WORK ITEM =>
Transcribe all records below exactly, without images.

[RECORDED DATA Boundary: Start]

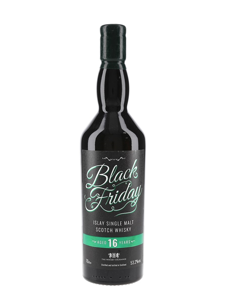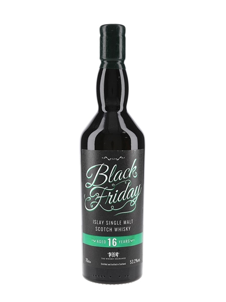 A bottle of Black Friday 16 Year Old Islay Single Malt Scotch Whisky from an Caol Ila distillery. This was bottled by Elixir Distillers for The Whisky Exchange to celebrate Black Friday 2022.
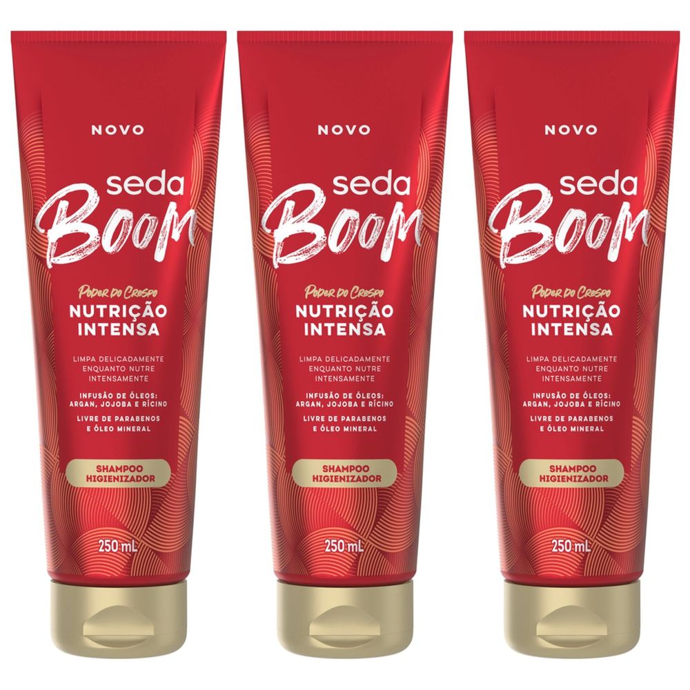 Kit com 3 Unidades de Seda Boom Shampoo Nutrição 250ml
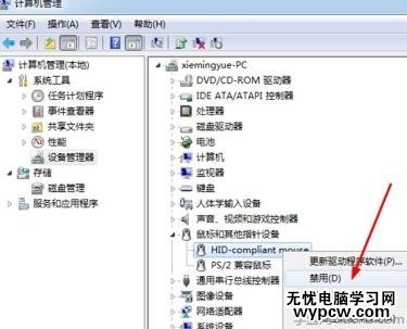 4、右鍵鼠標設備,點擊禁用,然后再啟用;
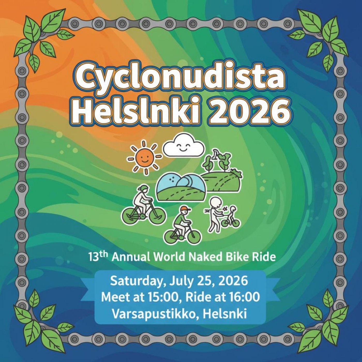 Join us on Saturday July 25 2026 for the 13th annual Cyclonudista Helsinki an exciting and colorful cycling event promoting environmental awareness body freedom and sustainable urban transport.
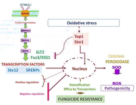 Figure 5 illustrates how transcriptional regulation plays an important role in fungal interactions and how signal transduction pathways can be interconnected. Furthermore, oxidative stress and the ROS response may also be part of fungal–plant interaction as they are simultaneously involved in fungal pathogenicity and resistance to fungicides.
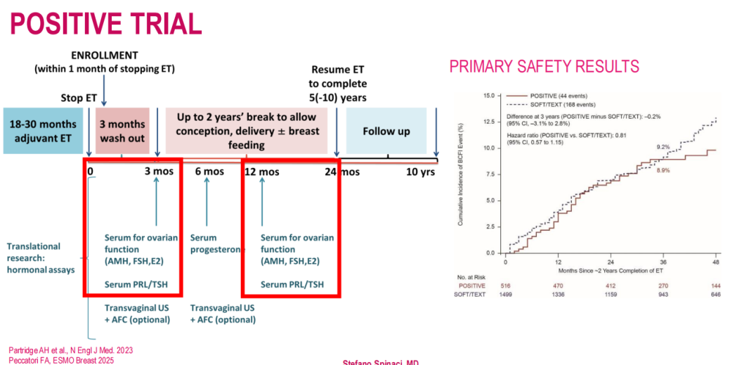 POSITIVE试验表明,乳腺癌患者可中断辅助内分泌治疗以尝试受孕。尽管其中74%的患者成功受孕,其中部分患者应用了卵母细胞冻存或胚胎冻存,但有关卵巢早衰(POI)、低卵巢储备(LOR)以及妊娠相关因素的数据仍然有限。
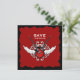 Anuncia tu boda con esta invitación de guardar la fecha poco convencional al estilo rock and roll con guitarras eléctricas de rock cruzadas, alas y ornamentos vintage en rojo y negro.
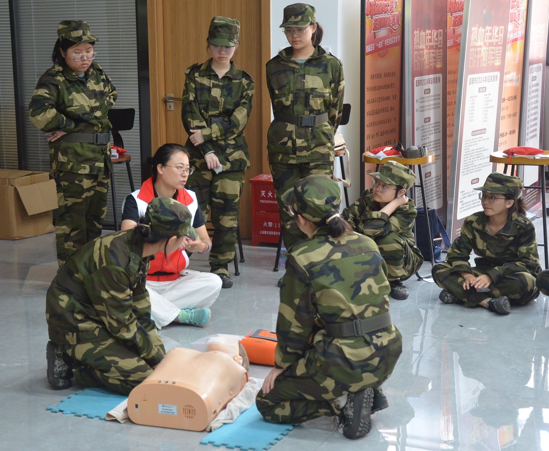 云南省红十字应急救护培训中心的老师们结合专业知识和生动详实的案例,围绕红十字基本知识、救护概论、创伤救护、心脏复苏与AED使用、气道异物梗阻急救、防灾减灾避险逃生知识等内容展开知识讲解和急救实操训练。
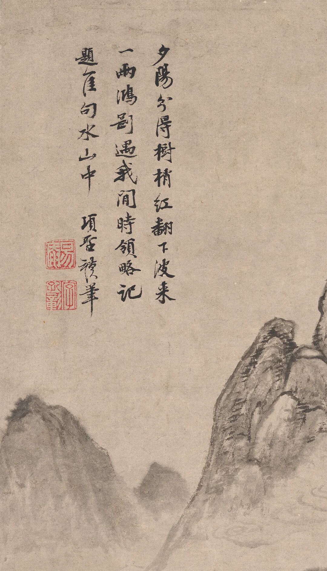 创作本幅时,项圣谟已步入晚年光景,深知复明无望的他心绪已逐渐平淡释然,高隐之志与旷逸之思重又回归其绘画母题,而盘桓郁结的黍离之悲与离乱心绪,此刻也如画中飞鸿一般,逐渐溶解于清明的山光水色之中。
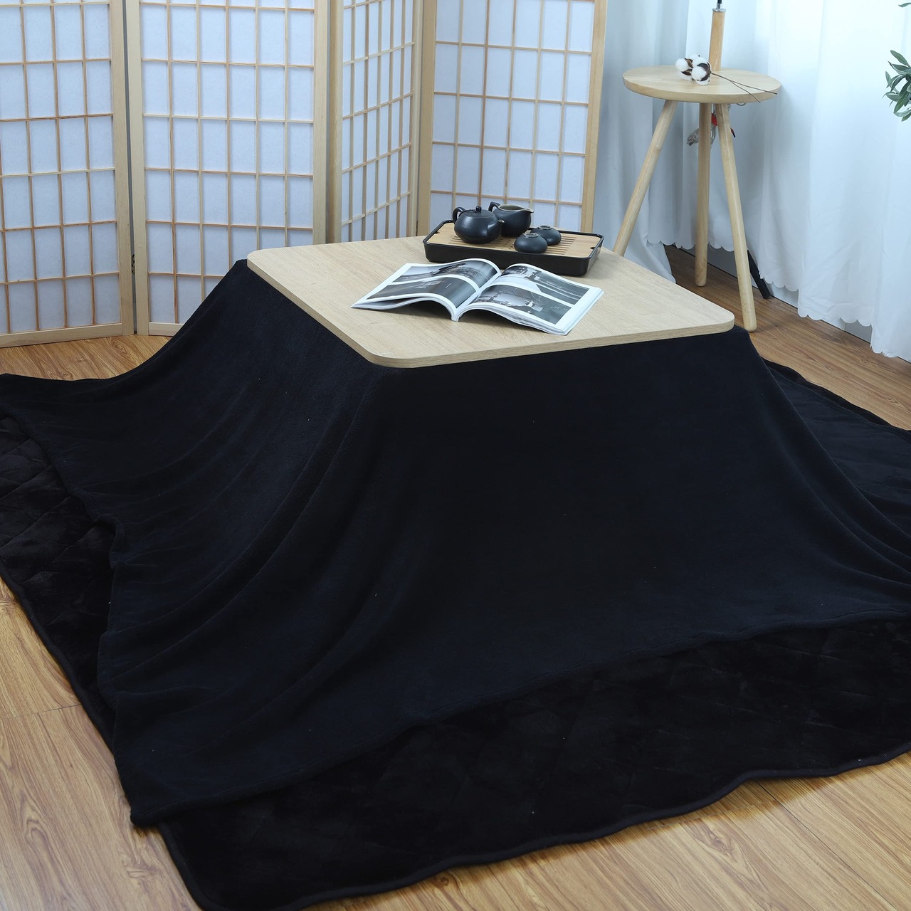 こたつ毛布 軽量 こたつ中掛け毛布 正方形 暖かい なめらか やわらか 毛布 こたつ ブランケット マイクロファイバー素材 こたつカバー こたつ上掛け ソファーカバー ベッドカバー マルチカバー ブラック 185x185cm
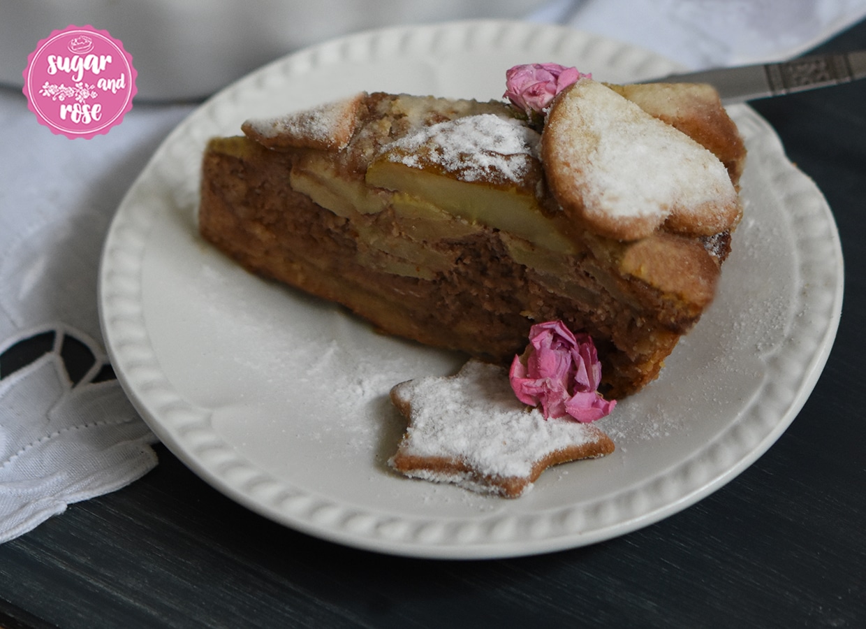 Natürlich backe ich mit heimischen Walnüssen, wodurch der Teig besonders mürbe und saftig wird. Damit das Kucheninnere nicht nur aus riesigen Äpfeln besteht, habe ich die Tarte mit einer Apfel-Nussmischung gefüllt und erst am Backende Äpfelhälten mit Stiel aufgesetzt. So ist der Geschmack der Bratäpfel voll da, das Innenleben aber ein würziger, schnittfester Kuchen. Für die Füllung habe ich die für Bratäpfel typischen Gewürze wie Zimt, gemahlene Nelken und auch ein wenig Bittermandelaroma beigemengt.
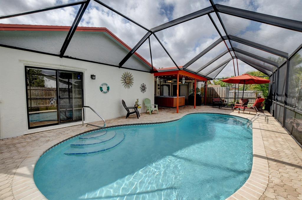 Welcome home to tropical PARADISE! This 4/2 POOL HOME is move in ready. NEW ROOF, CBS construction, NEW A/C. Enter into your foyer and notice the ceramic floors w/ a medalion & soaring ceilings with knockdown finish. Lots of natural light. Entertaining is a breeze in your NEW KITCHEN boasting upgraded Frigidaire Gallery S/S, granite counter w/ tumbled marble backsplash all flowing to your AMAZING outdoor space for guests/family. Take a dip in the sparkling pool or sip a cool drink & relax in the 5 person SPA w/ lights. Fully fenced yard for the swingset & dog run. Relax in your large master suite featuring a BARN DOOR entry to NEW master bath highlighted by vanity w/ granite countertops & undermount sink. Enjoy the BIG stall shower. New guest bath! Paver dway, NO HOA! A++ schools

[RECORDED DATA Boundary: End]

ANSWER SPACE =>
 A bottle of Black Friday 16 Year Old Islay Single Malt Scotch Whisky from an Caol Ila distillery. This was bottled by Elixir Distillers for The Whisky Exchange to celebrate Black Friday 2022.
 Kit com 3 Unidades de Seda Boom Shampoo Nutrição 250ml
 4、右鍵鼠標設備,點擊禁用,然后再啟用;
 Join us on Saturday July 25 2026 for the 13th annual Cyclonudista Helsinki an exciting and colorful cycling event promoting environmental awareness body freedom and sustainable urban transport.
 Figure 5 illustrates how transcriptional regulation plays an important role in fungal interactions and how signal transduction pathways can be interconnected. Furthermore, oxidative stress and the ROS response may also be part of fungal–plant interaction as they are simultaneously involved in fungal pathogenicity and resistance to fungicides.
 POSITIVE试验表明,乳腺癌患者可中断辅助内分泌治疗以尝试受孕。尽管其中74%的患者成功受孕,其中部分患者应用了卵母细胞冻存或胚胎冻存,但有关卵巢早衰(POI)、低卵巢储备(LOR)以及妊娠相关因素的数据仍然有限。
 Anuncia tu boda con esta invitación de guardar la fecha poco convencional al estilo rock and roll con guitarras eléctricas de rock cruzadas, alas y ornamentos vintage en rojo y negro.
 云南省红十字应急救护培训中心的老师们结合专业知识和生动详实的案例,围绕红十字基本知识、救护概论、创伤救护、心脏复苏与AED使用、气道异物梗阻急救、防灾减灾避险逃生知识等内容展开知识讲解和急救实操训练。
 创作本幅时,项圣谟已步入晚年光景,深知复明无望的他心绪已逐渐平淡释然,高隐之志与旷逸之思重又回归其绘画母题,而盘桓郁结的黍离之悲与离乱心绪,此刻也如画中飞鸿一般,逐渐溶解于清明的山光水色之中。
 こたつ毛布 軽量 こたつ中掛け毛布 正方形 暖かい なめらか やわらか 毛布 こたつ ブランケット マイクロファイバー素材 こたつカバー こたつ上掛け ソファーカバー ベッドカバー マルチカバー ブラック 185x185cm
 Natürlich backe ich mit heimischen Walnüssen, wodurch der Teig besonders mürbe und saftig wird. Damit das Kucheninnere nicht nur aus riesigen Äpfeln besteht, habe ich die Tarte mit einer Apfel-Nussmischung gefüllt und erst am Backende Äpfelhälten mit Stiel aufgesetzt. So ist der Geschmack der Bratäpfel voll da, das Innenleben aber ein würziger, schnittfester Kuchen. Für die Füllung habe ich die für Bratäpfel typischen Gewürze wie Zimt, gemahlene Nelken und auch ein wenig Bittermandelaroma beigemengt.
 Welcome home to tropical PARADISE! This 4/2 POOL HOME is move in ready. NEW ROOF, CBS construction, NEW A/C. Enter into your foyer and notice the ceramic floors w/ a medalion & soaring ceilings with knockdown finish. Lots of natural light. Entertaining is a breeze in your NEW KITCHEN boasting upgraded Frigidaire Gallery S/S, granite counter w/ tumbled marble backsplash all flowing to your AMAZING outdoor space for guests/family. Take a dip in the sparkling pool or sip a cool drink & relax in the 5 person SPA w/ lights. Fully fenced yard for the swingset & dog run. Relax in your large master suite featuring a BARN DOOR entry to NEW master bath highlighted by vanity w/ granite countertops & undermount sink. Enjoy the BIG stall shower. New guest bath! Paver dway, NO HOA! A++ schools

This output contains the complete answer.